[YOUR INSTRUCTIONS]
For every entry below, give it back exactly and leave out any image.

-- Opening Marker --

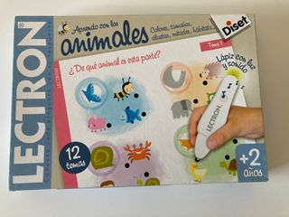 Juego educativo LECTRON de Diset para aprender sobre animales. Ideal para niños a partir de 2 años. - Incluye lápiz con luz y sonido. - Explora temas como colores, tamaños, siluetas, mitades y hábitats. - Contiene 12 temas diferentes.
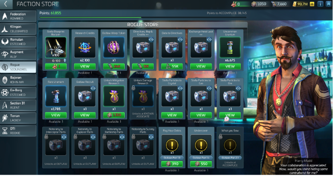 You can gain Rogue Reputation through Outlaw missions, Rogue-related events, or by purchasing specific packs available in the Outlaw Faction Store. Building reputation increases access to exclusive Outlaw technology and research tied to Eclipse space.
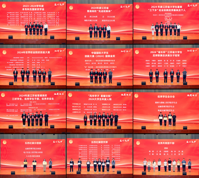在五四表彰环节,大会以“匠心筑梦”“知行合一”“挺膺担当”三个篇章展开,对过去一年在思想引领、技能竞赛、社会实践等领域表现突出的集体和个人进行表彰。党委书记张毅、院长王道峰等领导为获奖代表颁奖。“五四红旗分团委”“江苏省先进班集体”“国家奖学金”等集体与个人荣誉表彰,彰显组织建设与学业标杆力量;全国交通运输行业技能大赛、中国国际大学生创新大赛、世界职业院校技能大赛等赛事获奖代表上台领奖,诠释“技能成才、强国有我”的青春誓言;“十佳共青团员”“十佳青年志愿者”“2024大学生年度人物”等荣誉获得者,以行动践行责任担当,传递向善力量。
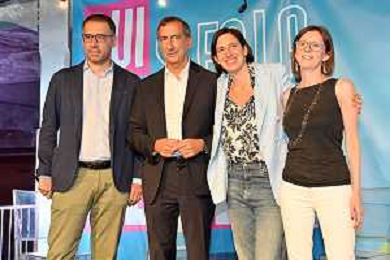 TVRG Festa Unita' Milano nella foto da SX Vinicio Peluffo, Giuseppe Sala, Elly Schlein e Silvia Roggiani Milano 08-09-2023 La Festa dell'Unita' presso l'area dell'ex macello di viale Molise foto Roberto Garavaglia/ag. Aldo Liverani sas/AGENZIA ALDO LIVERANI SAS
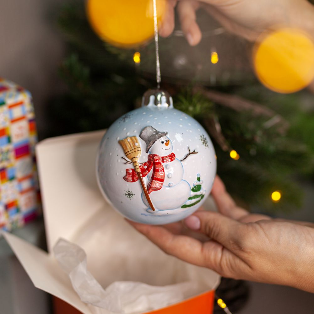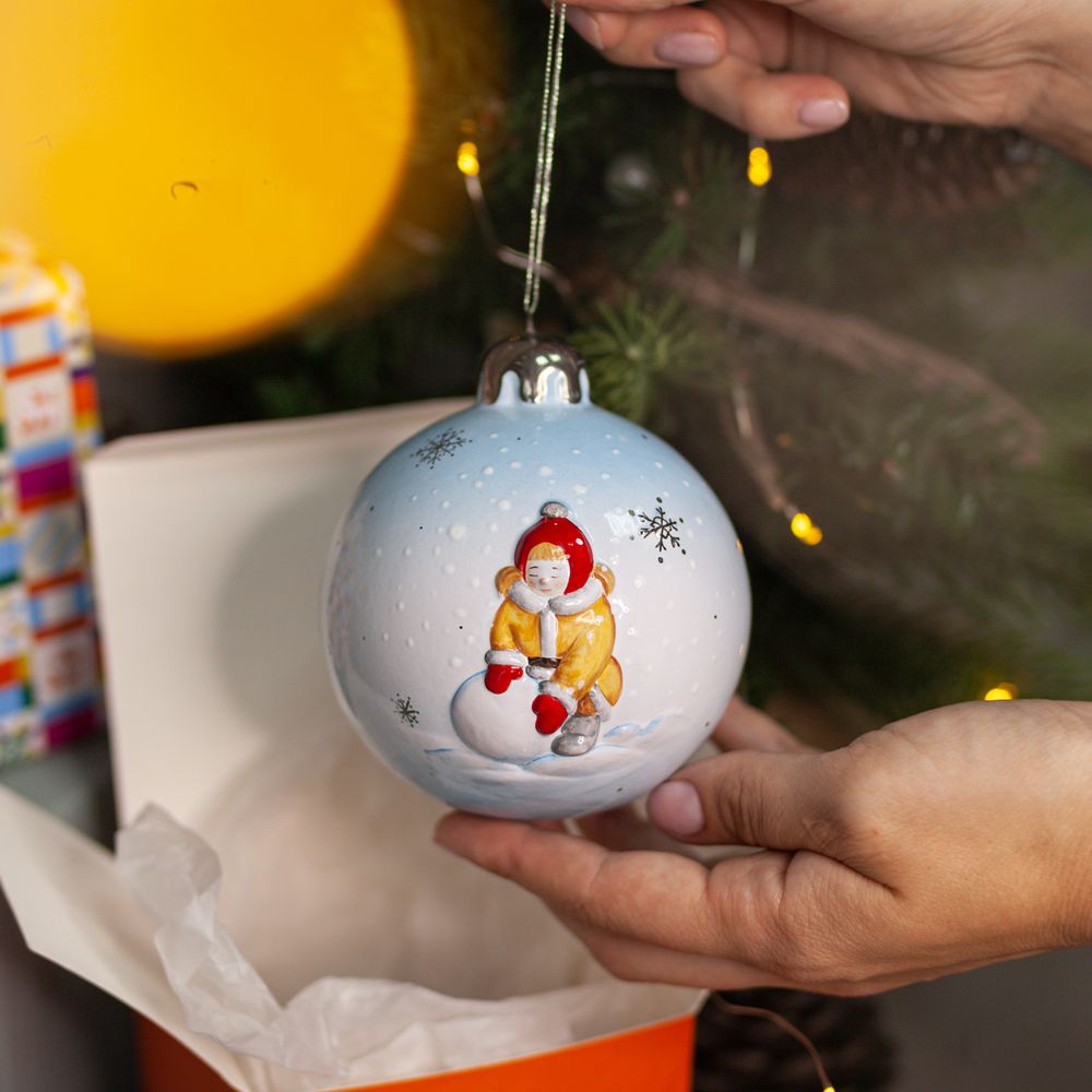 Эксклюзивное изделие ручной работы представляет собой шар с рельефным изображением с одной стороны веселого снеговика в ярком шарфе и с метлой в руке, с другой – девочку, в меховой шубке, в красных варежках и шапке, которая катает большой снежный ком, чтобы лепит снежную бабу. Шар смотрится очень эффектно, а позолота добавляет выразительности. Такие шары будут изысканно смотреться как на самой новогодней ели, так и в гирляндах, украшающих двери, лестницы, и, конечно в праздничных композициях. Они создадут настроение, добавят волшебного очарования и магии любому интерьеру, будут незабываемым подарком к Новому году и Рождеству, который будет оценен по достоинству и подчеркнет вкус дарителя.
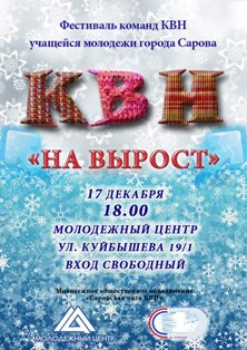 17 декабря на сцене Молодежного центра пройдет фестиваль команд КВН учащейся молодежи Сарова «На вырост».
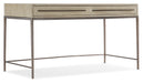 Svelte and sophisticated in a serene soft finish on Oak Veneers with tactile reeded drawer fronts, the Cascade Writing Desk is a stylish statement piece and a functional work-from-home solution. The Terrain finish on oak veneers is dry-brushed for a casual appeal and accented by champagne-colored bar pull hardware and slender metal legs joined by stretchers on the sides and back. The left drawer has one removable pencil tray with a felt bottom that can be used in either drawer, and the right drawer has one removable divider with two sides. Two reeded front drawers

-- Closing Marker --

[EXERCISE ANSWER]
 Juego educativo LECTRON de Diset para aprender sobre animales. Ideal para niños a partir de 2 años. - Incluye lápiz con luz y sonido. - Explora temas como colores, tamaños, siluetas, mitades y hábitats. - Contiene 12 temas diferentes.
 You can gain Rogue Reputation through Outlaw missions, Rogue-related events, or by purchasing specific packs available in the Outlaw Faction Store. Building reputation increases access to exclusive Outlaw technology and research tied to Eclipse space.
在五四表彰环节,大会以“匠心筑梦”“知行合一”“挺膺担当”三个篇章展开,对过去一年在思想引领、技能竞赛、社会实践等领域表现突出的集体和个人进行表彰。党委书记张毅、院长王道峰等领导为获奖代表颁奖。“五四红旗分团委”“江苏省先进班集体”“国家奖学金”等集体与个人荣誉表彰,彰显组织建设与学业标杆力量;全国交通运输行业技能大赛、中国国际大学生创新大赛、世界职业院校技能大赛等赛事获奖代表上台领奖,诠释“技能成才、强国有我”的青春誓言;“十佳共青团员”“十佳青年志愿者”“2024大学生年度人物”等荣誉获得者,以行动践行责任担当,传递向善力量。
 TVRG Festa Unita' Milano nella foto da SX Vinicio Peluffo, Giuseppe Sala, Elly Schlein e Silvia Roggiani Milano 08-09-2023 La Festa dell'Unita' presso l'area dell'ex macello di viale Molise foto Roberto Garavaglia/ag. Aldo Liverani sas/AGENZIA ALDO LIVERANI SAS
 Эксклюзивное изделие ручной работы представляет собой шар с рельефным изображением с одной стороны веселого снеговика в ярком шарфе и с метлой в руке, с другой – девочку, в меховой шубке, в красных варежках и шапке, которая катает большой снежный ком, чтобы лепит снежную бабу. Шар смотрится очень эффектно, а позолота добавляет выразительности. Такие шары будут изысканно смотреться как на самой новогодней ели, так и в гирляндах, украшающих двери, лестницы, и, конечно в праздничных композициях. Они создадут настроение, добавят волшебного очарования и магии любому интерьеру, будут незабываемым подарком к Новому году и Рождеству, который будет оценен по достоинству и подчеркнет вкус дарителя.
 17 декабря на сцене Молодежного центра пройдет фестиваль команд КВН учащейся молодежи Сарова «На вырост».
 Svelte and sophisticated in a serene soft finish on Oak Veneers with tactile reeded drawer fronts, the Cascade Writing Desk is a stylish statement piece and a functional work-from-home solution. The Terrain finish on oak veneers is dry-brushed for a casual appeal and accented by champagne-colored bar pull hardware and slender metal legs joined by stretchers on the sides and back. The left drawer has one removable pencil tray with a felt bottom that can be used in either drawer, and the right drawer has one removable divider with two sides. Two reeded front drawers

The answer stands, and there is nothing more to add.